DATA SECTION Block Start

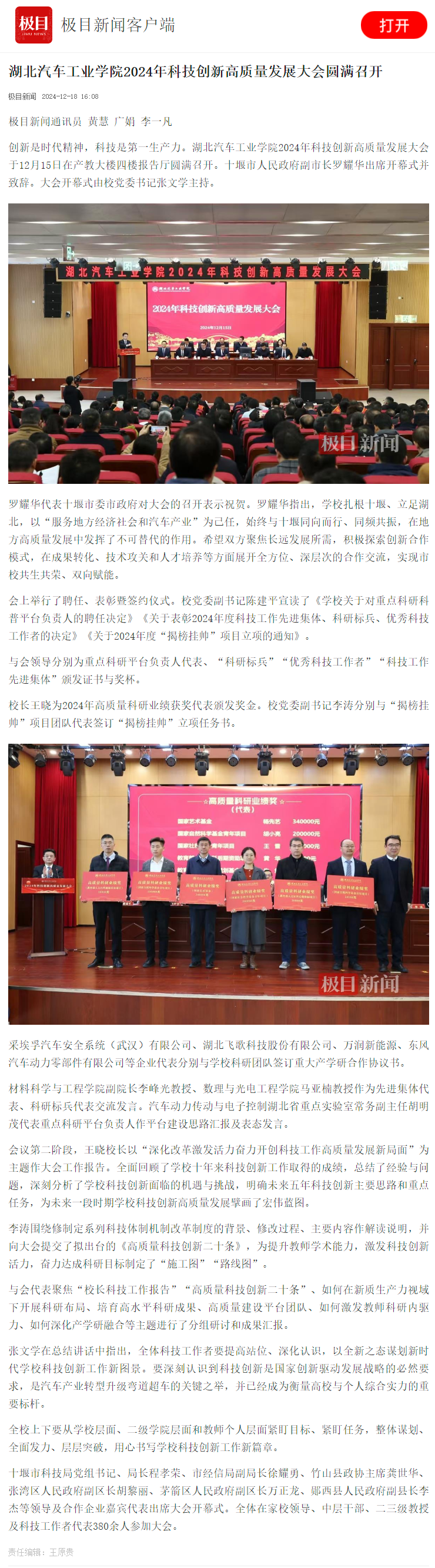 【极目新闻】湖北汽车工业学院2024年科技创新高质量发展大会圆满召开
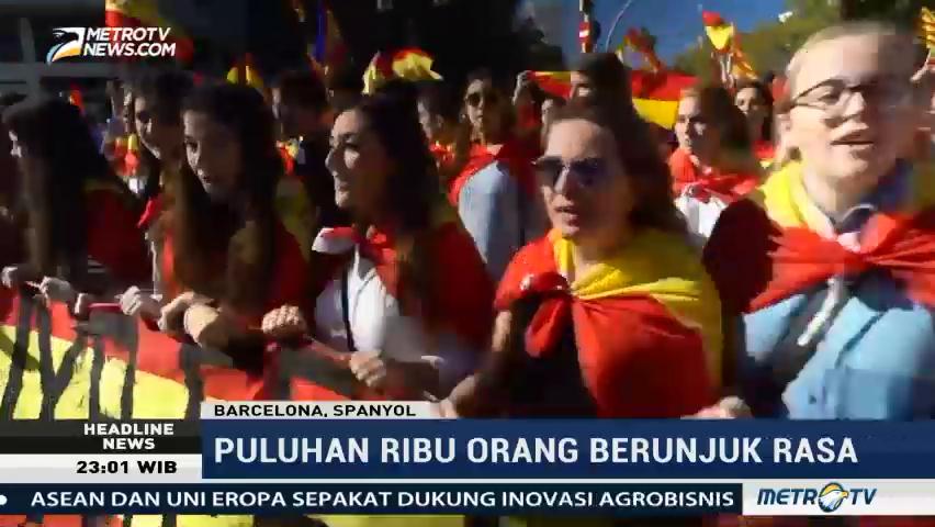 Puluhan ribu orang berunjuk rasa di Barcelona untuk menyuarakan persatuan Spanyol. Massa menginginkan Catalonia tetap menjadi bagian dari Spanyol. Cek Berita dan Artikel yang lain di Google News
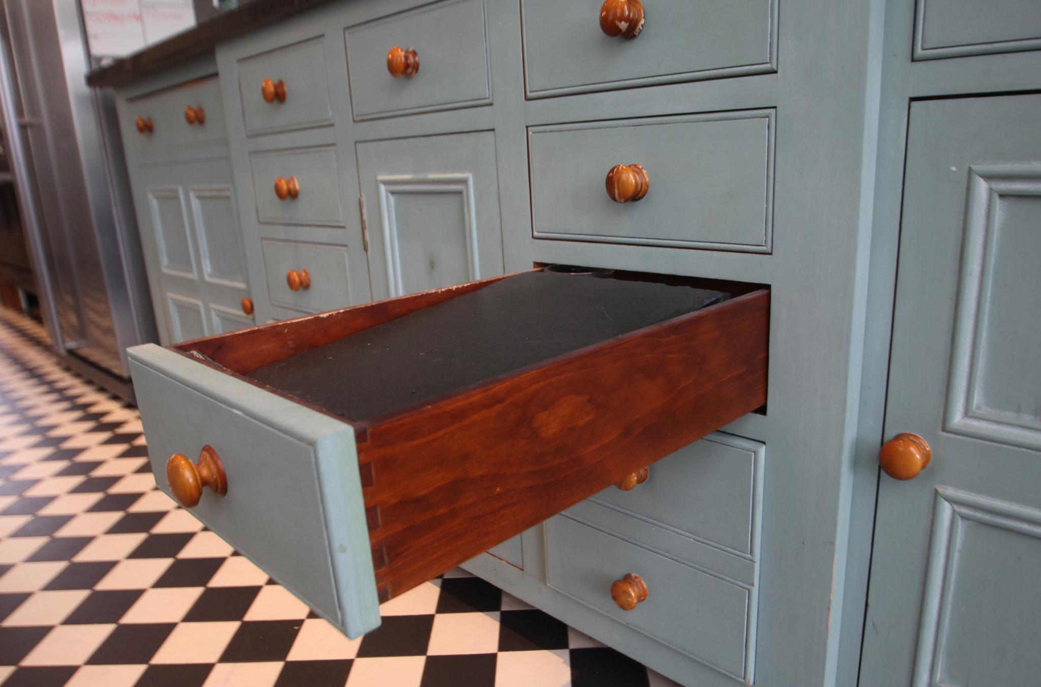 Occasionally a kitchen may have a chimney breast and mantle. In most cases this is ‘faux’ and the mantle will sit on top of a solid piece of work-surface. However, sometimes the work-surface may be cut around the chimney breast, leaving a cut out on removal. It is normally possible for us to identify if this will be the case, however not in every case. Buyers must be aware of this and plan for this to avoid disappointment.
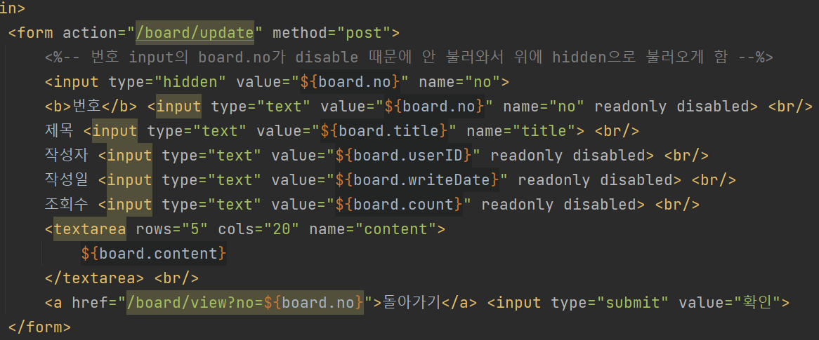 게시물 수정과, 게시물 삭제, 다음과 같이 수정 페이지에서 수정한 값들을 insert 문으로 매칭한 메소드를 불러와서 DB내용을 변경하는 방식으로 수정이 되도록 하였다. 게시물 삭제는 간단하다. 그냥 해당 게시물의 'no'를 불러와서 delete 문으로 매칭한 메소드를 이용하여 삭제를 진행.

DATA SECTION Block End

* [TASK ITEM]
Leaving the pictures out, output each line of the listing exactly.

* [PROBLEM SOLUTION]
 【极目新闻】湖北汽车工业学院2024年科技创新高质量发展大会圆满召开
 Puluhan ribu orang berunjuk rasa di Barcelona untuk menyuarakan persatuan Spanyol. Massa menginginkan Catalonia tetap menjadi bagian dari Spanyol. Cek Berita dan Artikel yang lain di Google News
 Occasionally a kitchen may have a chimney breast and mantle. In most cases this is ‘faux’ and the mantle will sit on top of a solid piece of work-surface. However, sometimes the work-surface may be cut around the chimney breast, leaving a cut out on removal. It is normally possible for us to identify if this will be the case, however not in every case. Buyers must be aware of this and plan for this to avoid disappointment.
 게시물 수정과, 게시물 삭제, 다음과 같이 수정 페이지에서 수정한 값들을 insert 문으로 매칭한 메소드를 불러와서 DB내용을 변경하는 방식으로 수정이 되도록 하였다. 게시물 삭제는 간단하다. 그냥 해당 게시물의 'no'를 불러와서 delete 문으로 매칭한 메소드를 이용하여 삭제를 진행.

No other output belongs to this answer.